One way to simplify the question is to consider the restriction of K_N to the subspace \mathbb{R}^r \times \mathbb{R}^N with r \in \mathbb{N} fixed. That is, we consider the characteristic function

K_N(a_1,\dots,a_r,0,\dots,0;b_1,\dots,b_N) = \mathbb{E}\left[e^{i(a_1X_N(1,1) + \dots +a_r X_N(r,r))}\right]

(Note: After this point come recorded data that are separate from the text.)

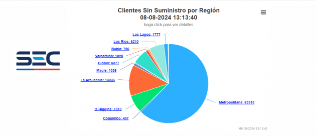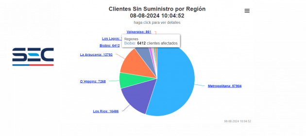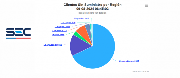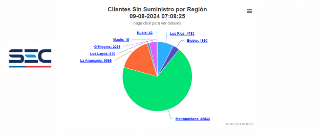 09:26 - | En todo el país, según la SEC, hay 63.516 hogares sin electricidad, 42.882 en la Región Metropolitana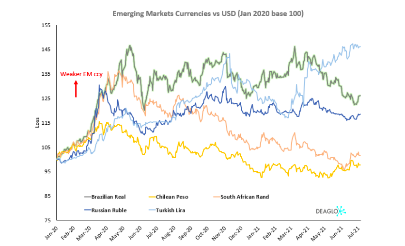 Figure 1. Emerging Markets Currencies vs. the US dollar. Source: Bloomberg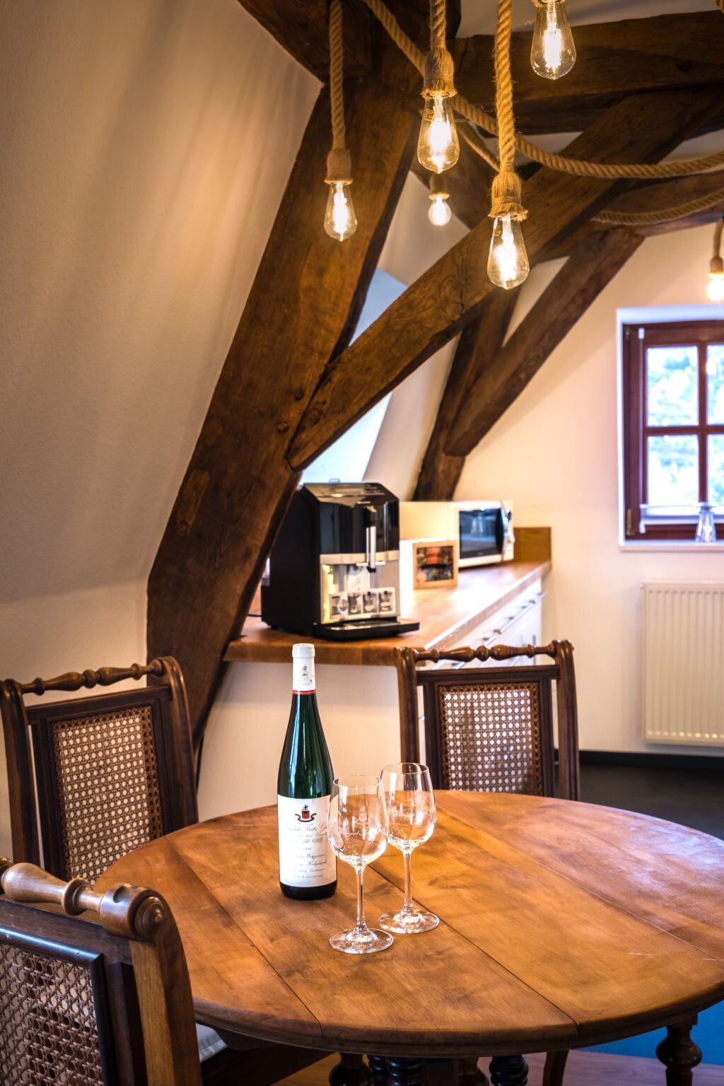 Discover a charming retreat for two in Traben-Trarbach, located in the historic district of Rißbach, which borders directly on the picturesque Moselle. In this lovingly restored half-timbered house dating back to 1734, which has been furnished with care and a sense of history, you will find your perfect holiday home. Here, an ambience steeped in history is combined with modern comforts to make your stay unforgettable.Inside, you can expect high-quality living comfort, equipped with a modern fitted kitchen that leaves nothing to be desired. For your well-being, the sanitary area has been redesigned, complete with shower and bath, to guarantee relaxing moments after a day of discovery. The existing comfort is rounded off by technical amenities such as TV and WLAN, so that you can always stay connected or simply sit back and relax.Enjoy the private outdoor areas of this special holiday flat. A terrace directly in front of the house, adjacent to a small garden for communal use, provides the perfect setting for cosy hours with a glass of local wine. This idyllic corner is ideal for unwinding and savouring the special atmosphere of the Moselle.The surrounding area offers a variety of opportunities to discover the nature and culture of the Moselle region. Just a few steps away, the vineyards begin, inviting you to take long walks. The nearby cycle path along the Moselle also entices you to embark on adventures that will take you right into the heart of Traben in just 20 minutes. Here, in the town centre, which is only 1000m away, you can immerse yourself in the lively hustle and bustle and experience the local gastronomy and culture up close.Make this historic holiday flat in Traben-Trarbach your home away from home and enjoy a unique combination of relaxation, culture and nature. Whether you are looking for relaxation or adventure - here you will find the ideal starting point for a variety of activities in the picturesque Moselle region. Experience an unforgettable time in a domicile that breathes history and yet lacks none of the modern comforts.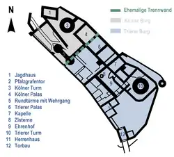 Vroeger was de Keulse helft slechts over een smalle houten brug door de Paltsgravenpoort aan de noordwestelijke hoek van het complex te bereiken. De poort sluit zich aan een binnenhof aan, waaraan op het zuidoostelijke einde twee ronde torens staan die door een overdekte weergang met elkaar worden verbonden. In de zuidelijke toren bleven muurschilderingen bewaard, die de wapens van alle bezitters en leenheren tonen. Boven de toenmalige grensmuur met de Trierse helft is de zuidelijke toren met de ruïne van het Keulse palas uit de 16e eeuw aan de oostelijke zijde van het complex verbonden. Vroeger bevond zich hier de ridderzaal, maar de bouw werd in 1812-1813 door de troepen van Napoleon verwoest, zodat tegenwoordig nog slechts naast de kelder de begane grond volledig bewaard bleef. Van de hogere verdiepingen bleven naast de gevelmuren ook de noordoostelijke buitenmuur bewaard. Ze bezit vensters in de laatromaanse stijl, die echter niet oorspronkelijk zijn en pas in het begin van de 20e eeuw werden ingebracht.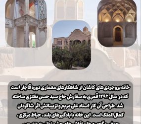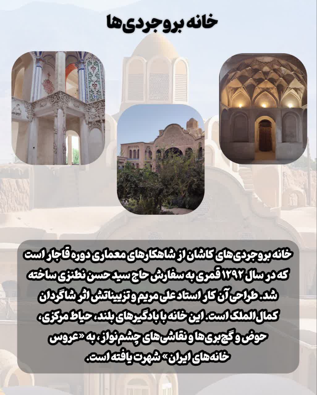خانه بروجردیها در کاشان یکی از شاهکارهای معماری دوره قاجار است که در حدود سال ۱۲۹۲ قمری ساخته شد. این خانه متعلق به یکی از بازرگانان مشهور کاشان بود و به سفارش او برای همسرش بنا شد. معمار آن استاد علی مریم است که خانه طباطباییها را نیز طراحی کرده بود. ویژگیهای برجسته خانه شامل بادگیرهای بلند، حوضخانه زیبا، نقاشیهای دیواری استاد صنیعالملک و گچبریهای چشمنواز است. طراحی این بنا به گونهای است که تابستانها خنک و زمستانها گرم باشد. این خانه سه بخش اندرونی، بیرونی و خدمه دارد و امروز به عنوان یکی از آثار ملی ایران و جاذبههای گردشگری کاشان شناخته میشود.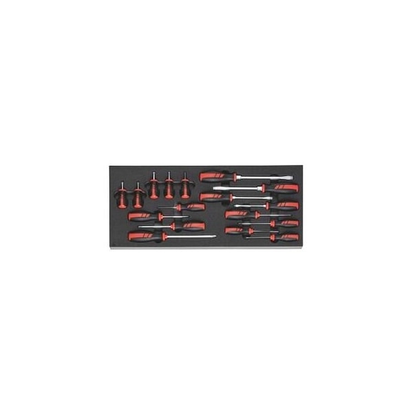 Popular tool sets in two-color moulded PE rigid foam inlays. The closed-pore foam is oil-resistant and does not absorb liquids of any sort. Upper layer is anthracite, the underlying contrast color is grey, thereby indicating any missing tools. Supplied with: Rigid foam inlay, empty No. 952001 size 953551: 1 pc. HOLEX slot-head screwdriver No. 660701 size 2.5, 3, 3.5, 4, 5.5, 7, 8, 10: 1 pc. each HOLEX short screwdriver for slot-head No. 664201 size 4, 5.5, 6.5: 1 pc. each HOLEX screwdriver for Phillips No. 668401 size 0, 1, 2, 3: 1 pc. each HOLEX stub screwdriver for Phillips No. 668471 size 1, 2: 1 pc. each Degree of fill of a drawer in units: 10x24 Width: 250 mm Depth: 600 mm Width in G: 10 Depth in G: 24

of only the first r diagonal matrix elements of the random Hermitian matrix X_N=U_NBU_N^*. Recall that we have previously shown that all diagonal matrix elements of X_N are identically distributed, but not necessarily independent. The paper of Olshanski and Vershik shows that if the eigenvalues B=(b_1,\dots,b_N), scaled by a factor of N^{-1}, converge to a point configuration on \mathbb{R} as N \to \infty, then the random variables X_N(1,1),\dots,X_N(r,r) converge to independent random variables whose characteristic function can be calculated explicitly in terms of this point configuration. We will try to work through this result, which I believe to be the first high-dimensional limit theorem in RMT obtained via characteristic functions.

The Olshanski-Vershik approach of computing the asymptotics of the characteristic function

K_N(A,B) = \int\limits_{\mathbb{U}_N}e^{i\mathrm{Tr}AUBU^*}\mathrm{d}U

is based on series expansion of this matrix integral. I am a big proponent of this approach, but it does require some quite extensive background from representation theory and algebraic combinatorics which is not traditionally found in the realm of probability. We will try not to get too bogged down in the algebra, and in order to do this it will be necessary to accept some results from representation theory as black boxes.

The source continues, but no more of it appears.